Task brief: Without copying any picture, transcribe exactly the lines of the data below from the one containing "penggunaan MSG? Lingkarilah" through the one containing "Other user information".
============================================================
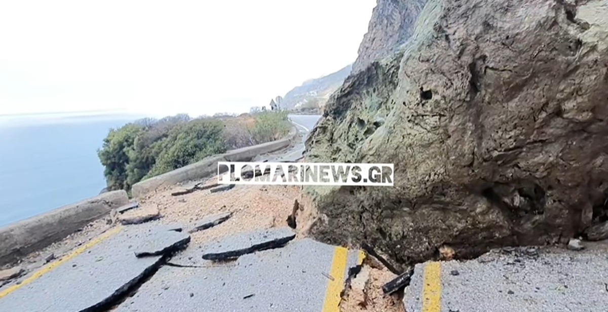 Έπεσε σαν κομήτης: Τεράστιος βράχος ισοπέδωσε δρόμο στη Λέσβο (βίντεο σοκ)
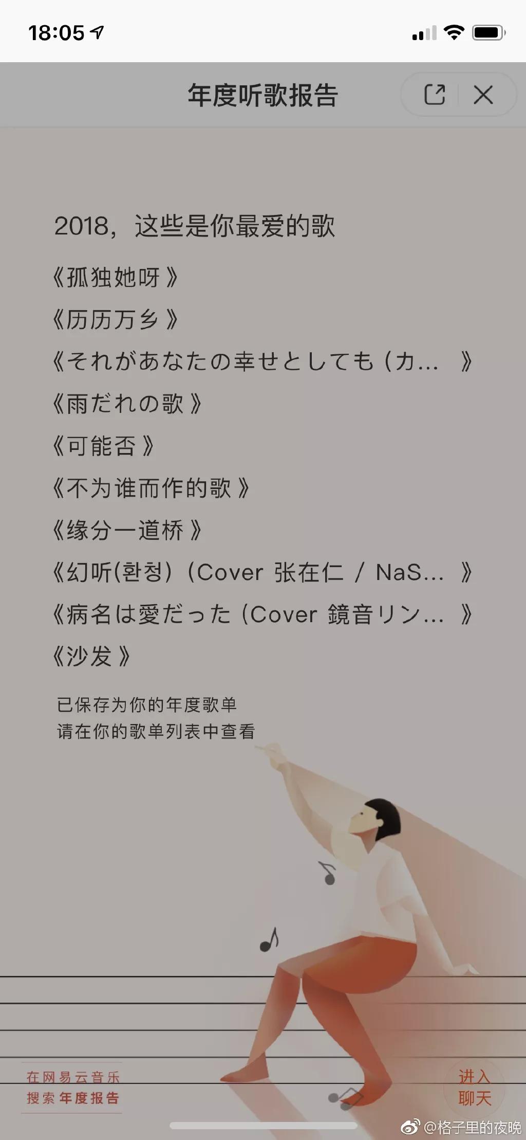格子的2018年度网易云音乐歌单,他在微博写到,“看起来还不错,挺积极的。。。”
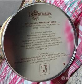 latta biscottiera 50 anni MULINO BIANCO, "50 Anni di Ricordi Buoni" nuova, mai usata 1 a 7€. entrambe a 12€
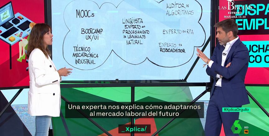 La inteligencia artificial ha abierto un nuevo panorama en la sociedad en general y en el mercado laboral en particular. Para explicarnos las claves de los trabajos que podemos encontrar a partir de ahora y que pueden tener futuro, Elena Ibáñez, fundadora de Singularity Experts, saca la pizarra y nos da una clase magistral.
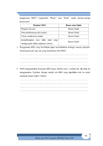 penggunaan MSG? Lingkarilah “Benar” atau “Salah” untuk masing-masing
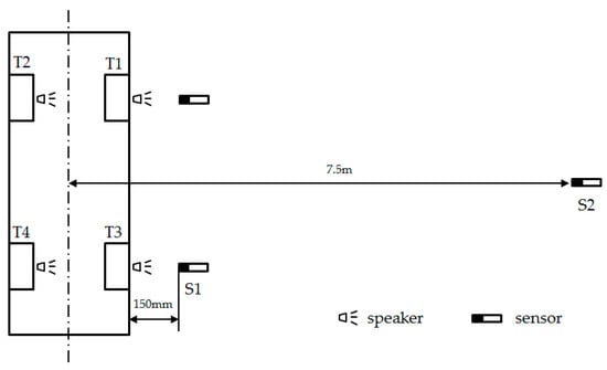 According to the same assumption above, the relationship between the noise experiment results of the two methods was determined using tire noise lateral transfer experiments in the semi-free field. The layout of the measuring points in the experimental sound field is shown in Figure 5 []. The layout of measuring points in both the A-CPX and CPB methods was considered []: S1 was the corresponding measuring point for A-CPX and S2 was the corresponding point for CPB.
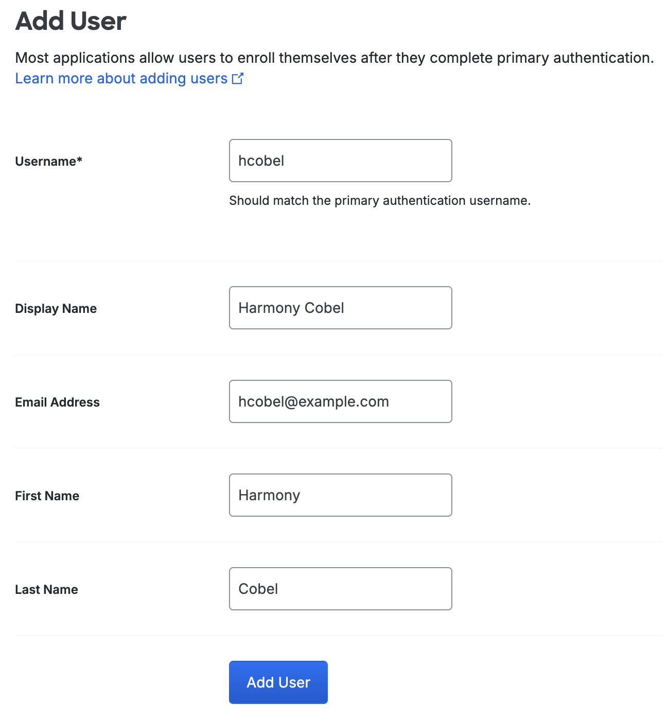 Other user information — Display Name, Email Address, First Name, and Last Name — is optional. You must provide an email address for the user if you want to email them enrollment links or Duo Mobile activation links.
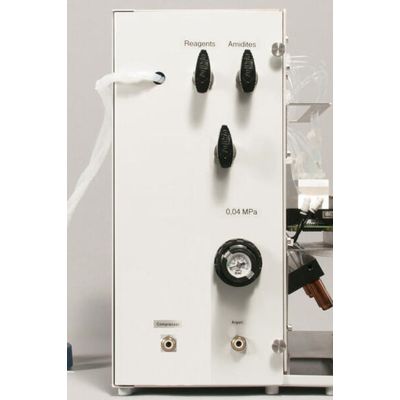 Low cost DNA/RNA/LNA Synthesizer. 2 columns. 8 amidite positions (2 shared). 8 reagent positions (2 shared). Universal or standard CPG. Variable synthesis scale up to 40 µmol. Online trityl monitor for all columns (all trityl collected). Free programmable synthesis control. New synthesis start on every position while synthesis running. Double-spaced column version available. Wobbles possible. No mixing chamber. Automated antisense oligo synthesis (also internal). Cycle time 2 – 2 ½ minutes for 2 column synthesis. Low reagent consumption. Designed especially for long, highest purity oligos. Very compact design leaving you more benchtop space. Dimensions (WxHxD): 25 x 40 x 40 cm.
============================================================
Answer to this problem:
 penggunaan MSG? Lingkarilah “Benar” atau “Salah” untuk masing-masing
 According to the same assumption above, the relationship between the noise experiment results of the two methods was determined using tire noise lateral transfer experiments in the semi-free field. The layout of the measuring points in the experimental sound field is shown in Figure 5 []. The layout of measuring points in both the A-CPX and CPB methods was considered []: S1 was the corresponding measuring point for A-CPX and S2 was the corresponding point for CPB.
 Other user information — Display Name, Email Address, First Name, and Last Name — is optional. You must provide an email address for the user if you want to email them enrollment links or Duo Mobile activation links.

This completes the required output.